# [Tutorial] Full disk encryption install with external boot cd on an old laptop



## A7b2 (Jun 9, 2016)

_Documenting here so that I can find it later  ... and maybe it can be useful to someone..._

Target computer: an old laptop which has not enough memory to support ZFS.
Problem to be solved: laptop contains sensitive information but may stay unattended and is vulnerable to the "evil maid" attack.

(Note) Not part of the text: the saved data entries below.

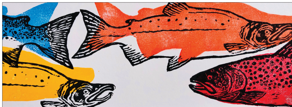
Corrine Vegter will show her fish-inspired art at Sweet Wife Baking in July.

As part of this exhibit, Crossroads will hold a sustainable agriculture practice panel on
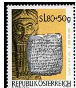
Sumerian cuneiform clay tablet and statue depicting a winged bull with a Human head. Austria 1965

The use of opium was known since the New Stone Age (8,000–3,000 B.C.) and its extraction from the opium poppy can be dated to around 5000 B.C. Poppy cultivation was first documented by the Sumerian civilization in southern Mesopotamia (ca. 3300 B.C.) (1). Its use in Greece dates back to the era of Minoan Crete (ca. 3000 B.C. – 1000 B.C.) where it
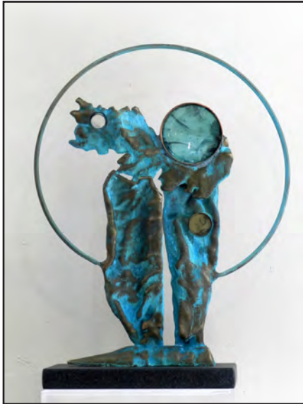
New Love , 2015, cast bronze, cast glass, brass & black granite, 19 x 15 x 7 inches
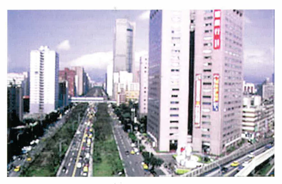
China's entry into WTO could boost trading across the Strait. 中國加入世貿有助海峽兩岸的貿易增長。

not just boost Taiwan's exports to China, but also encourage Taiwan to source materials on the Mainland. China's entry into WTO could boost trading across the Strait. In addition, China's institutionalising of its trading framework will reduce many
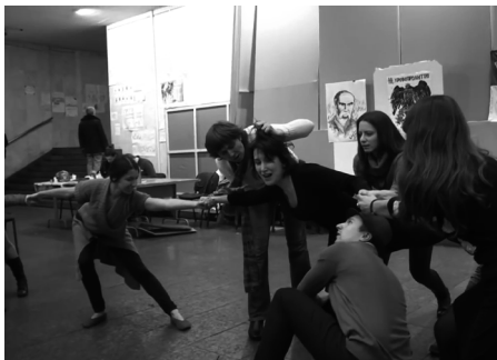
Photo 6. Confused identity (“The Birthday”; Kyiv, February 16, 2014)
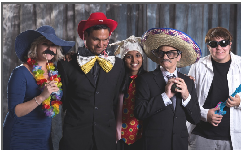
In disguise — the Eleanor Gang
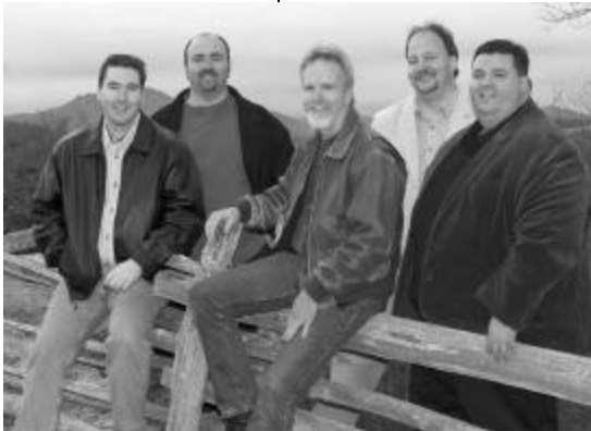
The Circuit Riders

The Circuit Riders' new CD on Pinecastle Records is entitled Let
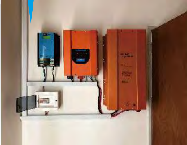
US Home Storage Demo: HP3KW 48VDC 120VAC INVERTER 5.2KWH Battery Pack
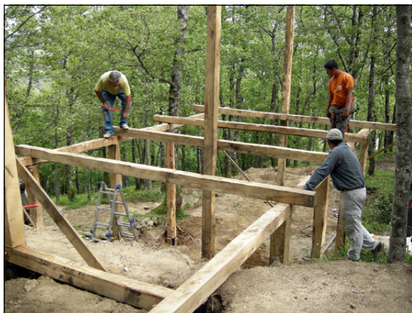
Fig. 5 – The distance of the posts.
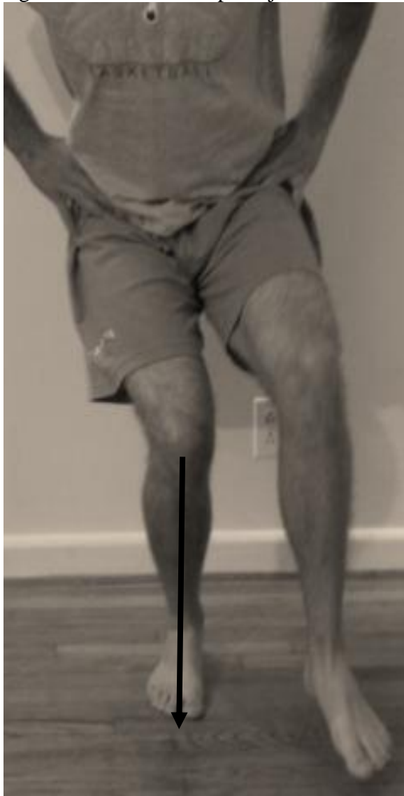
Figure 1.1 Control Group Subject
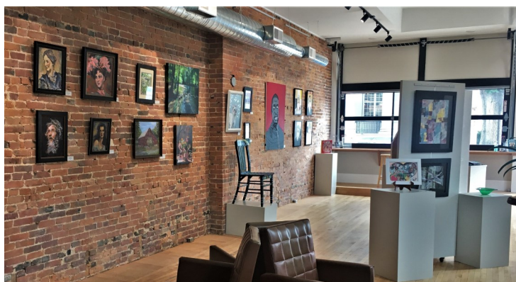
Council for the Arts' "Community Show" 103 North Main Street, Chambersburg

Nancy Horton Heefner Memorial Art Show at Mercersburg Academy is postponed until 2021.
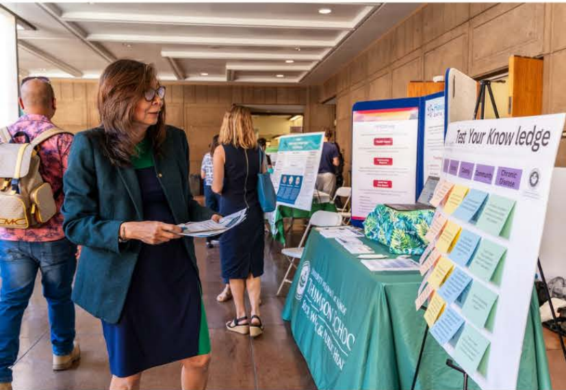
Looking at one of the many displays at this year's "Ag Day at the Capitol." Agriculture has been vital to Puna's economy and culture.
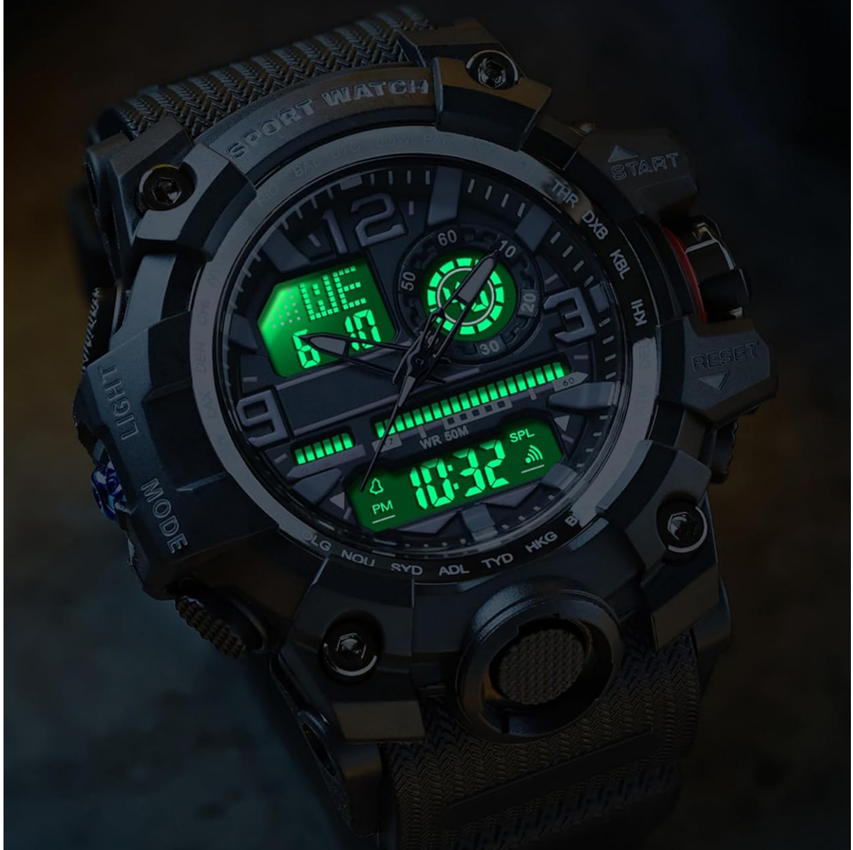
Image: Night Vision Cold Light Feature.

Therefore it must only boot from a "trusted" read only device.
Other problem: the laptop does not support USB boot, but it contains a CD writer which you can not use during the install since the slot is occupied by the Install CD.

Based on: https://vesterman.com/FreeBSD/FullDiskEncryption

As on the above link we will use UFS + GELI.
The laptop contains only one disk which appears as "ada0". The swap partition will be on "ada0p1" and the root partition on "ada0p2". After decryption they will appear as ada0p1.eli and ada0p2.eli.
This tutorial is written using FreeBSD 10.3 RELEASE.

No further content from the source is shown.